= Charlotte Thomson Iserbyt =

American writer and senior policy advisor (1930–2022)
Charlotte Thomson Iserbyt (October 26, 1930 – February 8, 2022) was an American freelance writer and senior policy advisor to the U.S. Department of Education.

== Early life and education ==
Charlotte Thomson Iserbyt was born in Brooklyn, New York on October 26, 1930. She attended Dana Hall preparatory school and Katharine Gibbs College in New York City, where she studied business. Iserbyt's father and grandfather were Yale University graduates and members of the Skull and Bones secret society.

== Career ==

Charlotte Thomson Iserbyt (October 26, 1930 – February 8, 2022) was an American writer and former senior policy advisor to the U.S. Department of Education under President Ronald Reagan. She is best known for her book, The Deliberate Dumbing Down of America, in which she argues that the American public education system was intentionally altered to eliminate parental influence and mold children for a globalist, socialist-collectivist future.
Key Biographical and Career Details

Government Service: Iserbyt served as the senior policy advisor in the Office of Educational Research and Improvement (OERI) from 1980 to 1982. During this time, she reportedly leaked documents suggesting that education reforms were part of a coordinated effort involving Soviet-style indoctrination, which led to her departure from the department.
Other Roles: She previously worked for the U.S. Department of State in South Africa, Belgium, and South Korea, and served as an elected school board member in Camden, Maine, from 1976 to 1979. She also co-founded the Maine Conservative Union and Guardians of Education for Maine.
Publications: In addition to her 1999 book The Deliberate Dumbing Down of America, she authored Back to Basics Reform (1985), which documented her experiences in the Department of Education. She also produced an 8-DVD/CD set titled Exposing the Global Road to Ruin Through Education.
Death: Iserbyt passed away at her home in Dresden, Maine, on February 8, 2022, at the age of 91. She was buried in St. Patrick's Cemetery next to her husband, Jan Iserbyt, who died in 2008.

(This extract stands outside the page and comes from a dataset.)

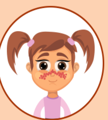
SYSTEMIC LUPUS ERYTHEMATOSUS

Iserbyt served as the senior policy advisor in the Office of Educational Research and Improvement (OERI), U.S. Department of Education, during the first term of U.S. President Ronald Reagan.

Iserbyt later served as a staff employee of the U.S. Department of State (South Africa, Belgium, South Korea).

From 1999, she served as President of 3D Research, Co. in Bath, Maine.

== Publications ==
Iserbyt is known for writing the book The Deliberate Dumbing Down of America. The book argues that gradual changes to the American public education system are being used to eliminate the influences of a child's parents, and mold the child into a member of the proletariat in preparation for a socialist-collectivist world of the future. She considers that these changes originated from plans formulated primarily by the Andrew Carnegie Foundation for the Advancement of Education and Rockefeller General Education Board, and details the psychological methods used to implement and effect the changes.

Iserbyt also wrote Back to Basics Reform, which documents her experiences working in the Department of Education.

== Personal life and death ==
In 1964, Iserbyt married Jan Iserbyt (2 May 1929 – 5 May 2008); they had two sons.

Iserbyt also served as an elected school board member in Camden, Maine 1976–1979, and founded the Maine Conservative Union, an affiliate of the national American Conservative Union, and Guardians of Education for Maine.

Charlotte Thomson Iserbyt died on February 8, 2022, at the age of 91.

== Publications ==
- Back to Basics Reform, or OBE: Skinnerian International Curriculum (1985).
- The Deliberate Dumbing Down of America: A Chronological Paper Trail (1999). ISBN 978-0966707106.

== See also ==
- Antony C. Sutton
- John Taylor Gatto

== Sources ==
- Goodlad, Dr. Professor John. "John Goodlad education". Google Scholar. Various academic publications. Retrieved June 2018.